Throughout this time, it never once occurred to me to take medical leave, and I never considered looking for something else that wouldn’t be so physically straining. I was a single earner, and I felt the pressure to return to what seemed like a sure thing. Oh, what I wish I could tell my former self now... Everything I have learned and experienced since then makes me wish I had been more open to considering other, more realistic work options. Then again, I still didn’t know this condition would be permanent, and that I’d still live with pain years later.
My identification with my work may have been over the top, and I now realize that I prioritized my dedication to my work and the environment I loved over my health. I couldn’t grasp that this contributed to further decline, and that my perseverance might have had a reasonable limit. I wonder how I might have reacted if someone had said to me, “It’s just a job! Find something else that will be easier on you and won't cost you as much physically, or maybe stop working for a while and let yourself recover!” As I write this, I imagine a wild horse looking at a cowboy determined to break it. I probably would have refuted this entirely and stomped the earth with my feet in defiance.
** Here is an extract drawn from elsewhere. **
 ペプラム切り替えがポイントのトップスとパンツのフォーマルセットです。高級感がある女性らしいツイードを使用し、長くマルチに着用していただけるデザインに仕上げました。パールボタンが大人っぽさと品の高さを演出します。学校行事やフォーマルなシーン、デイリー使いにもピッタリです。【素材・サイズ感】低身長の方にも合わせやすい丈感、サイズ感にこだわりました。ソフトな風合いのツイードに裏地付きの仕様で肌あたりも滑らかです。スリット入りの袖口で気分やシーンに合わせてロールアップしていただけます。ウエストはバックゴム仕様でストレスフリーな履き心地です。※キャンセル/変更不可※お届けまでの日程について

However, I now wish I had said those words to myself and believed that, ultimately, even the job I had and loved was, in essence, “just a job.” I wish I had been more aware that pushing myself to the point I did, while hoping for miracles, was not in my best interest.
What I couldn’t consciously see at the time was how much of myself had been anchored in that position: my sense of financial security (we don’t pay teachers nearly enough in this country, and I was by no means rich), a sense of meeting my adult responsibility (health insurance, life insurance, etc.), my core identity, a significant source of purpose and pride, and perhaps above all, it was a position in which I got to experience a level of “flow” that energized me to no end. I couldn’t see how tightly I was clinging to each of those aspects, not yet grasping that there might be another, and healthier, way to achieve the same ends if I just let go of the fear that had locked me so firmly in place. Looking back, my resistance to the changes taking place -- ones I certainly hadn’t asked for -- resulted in so much self-inflicted pain of the emotional kind.
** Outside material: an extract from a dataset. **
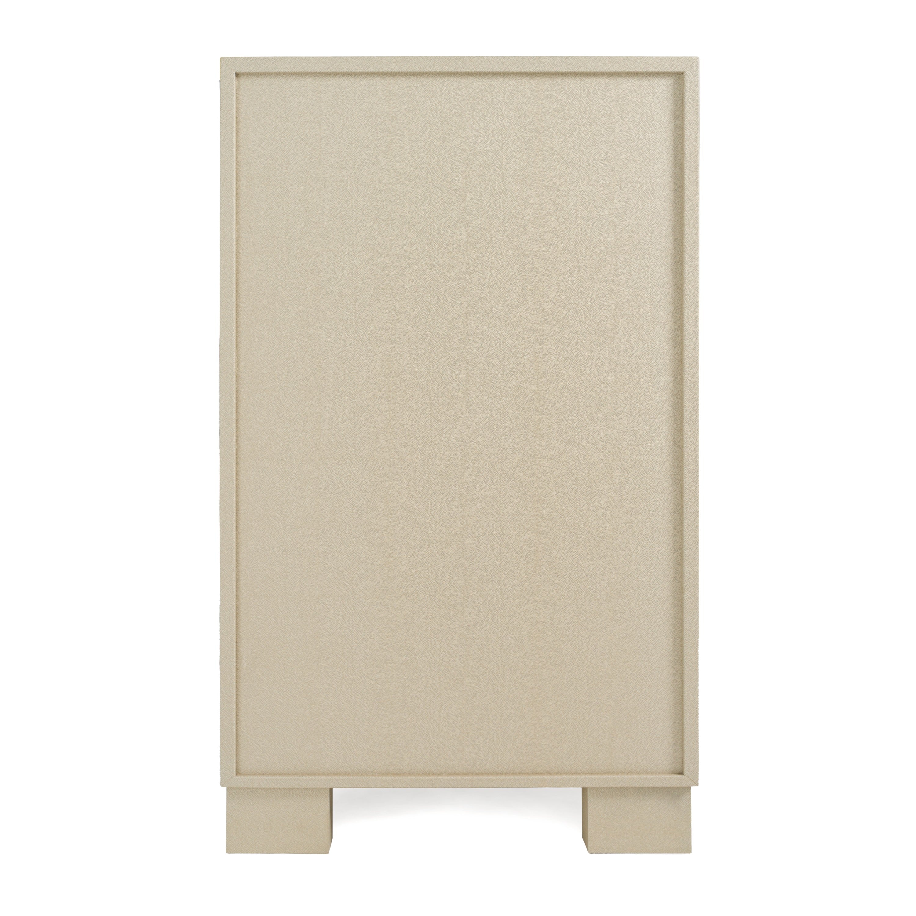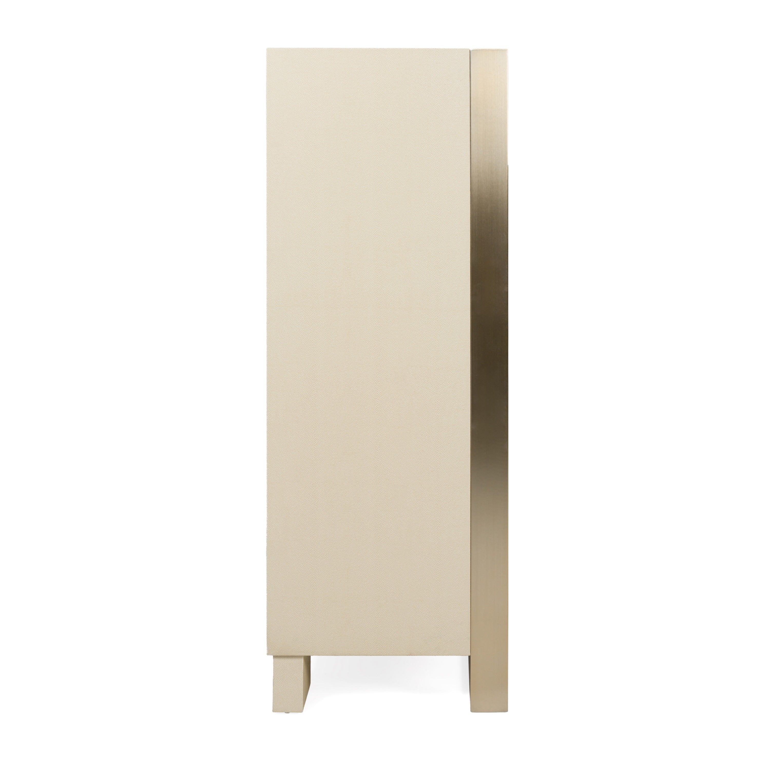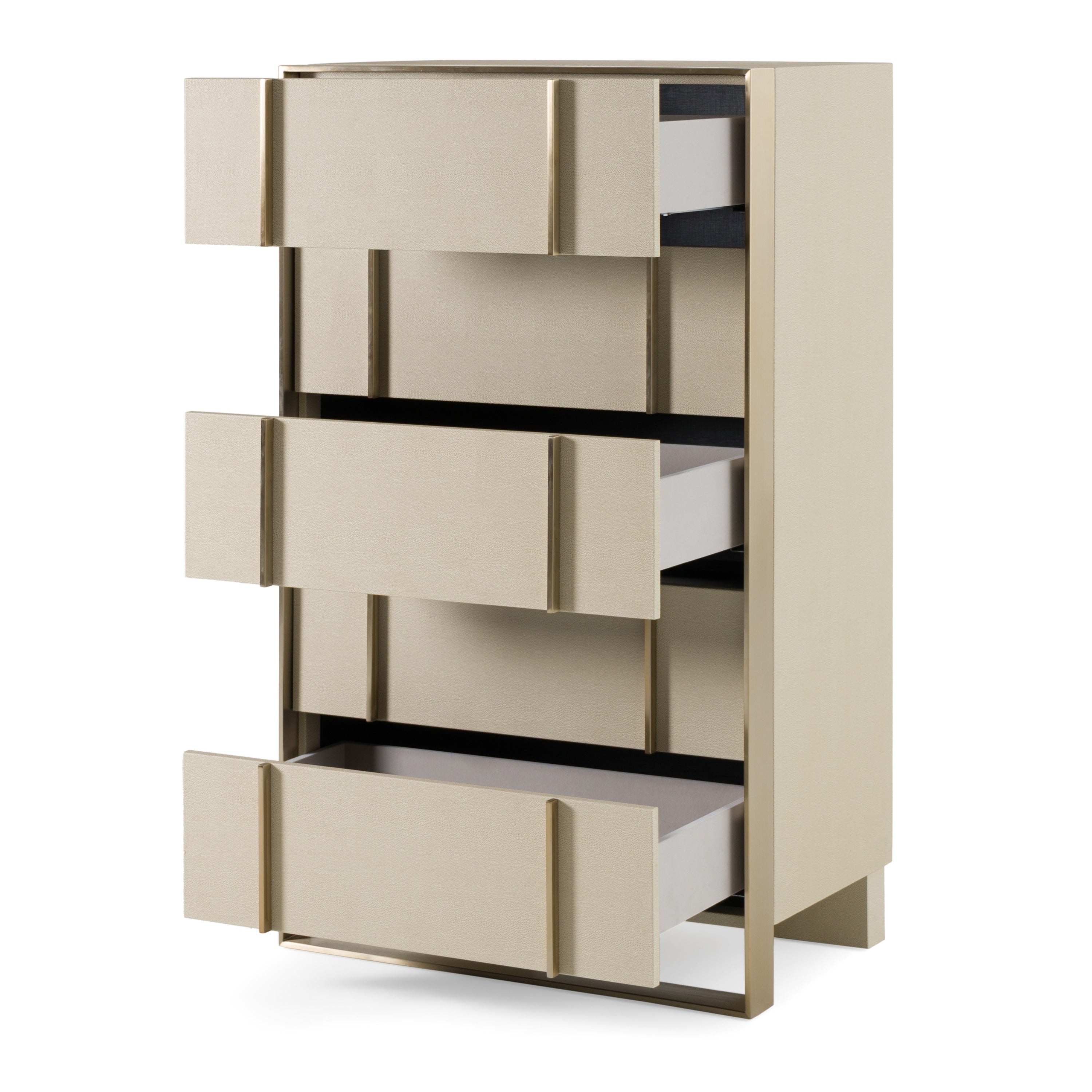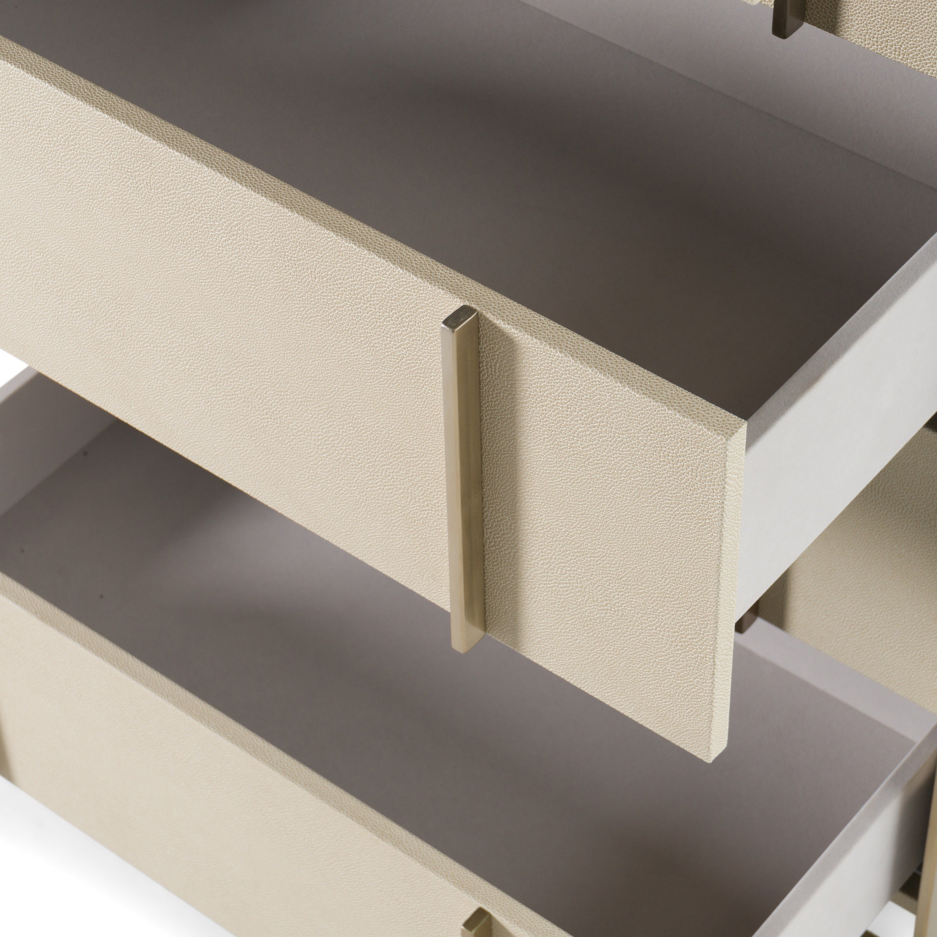 The Nova Domus Cartier Modern Beige Shagreen and Brushed Brass Chest is a stunning piece of furniture that combines elegance and functionality. Crafted with attention to detail, it features beige shagreen bonded leather on its surface, exuding a luxurious texture. The chest boasts five drawers, providing ample storage space for your belongings. The brushed brass finish adds a touch of sophistication, making it a perfect addition to any modern home. Fully assembled and ready to enhance your living space, this chest is a credit to its brilliant designer.

Once things reached the point where continuing to work was no longer an option, the administrative process that followed put me through quite the wringer. This additional stress layered itself on top of the physical, financial, and medical challenges I was already facing. I won’t elaborate here, but that specific part of the experience taught me that no matter how shiny the object, it may not be what it appears to be. Ultimately, it seemed it was “just a job” after all. Oh, how tightly I clung to hope, my idealism, and my work ethic for something that ended up caring much less about me than I did about it.
Years later, I find myself in my early 60’s, living on disability and worrying about what might happen if that goes away before I reach full retirement age. Although I was able to access my 401k funds early, I find myself relying on that to supplement my monthly income at a rate that alarms me. Those funds were meant to see me through the golden years of life, not to draw from just to make ends meet far sooner than that. It’s certainly not a situation I had ever expected to find myself in after decades of dedication and focus throughout my professional career. And so, I sit with the feelings that arise when I look back at how much I put into my former work life, only to find myself wrestling with a very different kind of fear -- not the fear that kept me pushing forward, but the uncertainty of what comes next.
Many people living with (or on) disability know this landscape well — the constant calculations, the unpredictability of the future, the very real worry about finances, healthcare, and what might happen if the fragile stability we’ve built suddenly shifts.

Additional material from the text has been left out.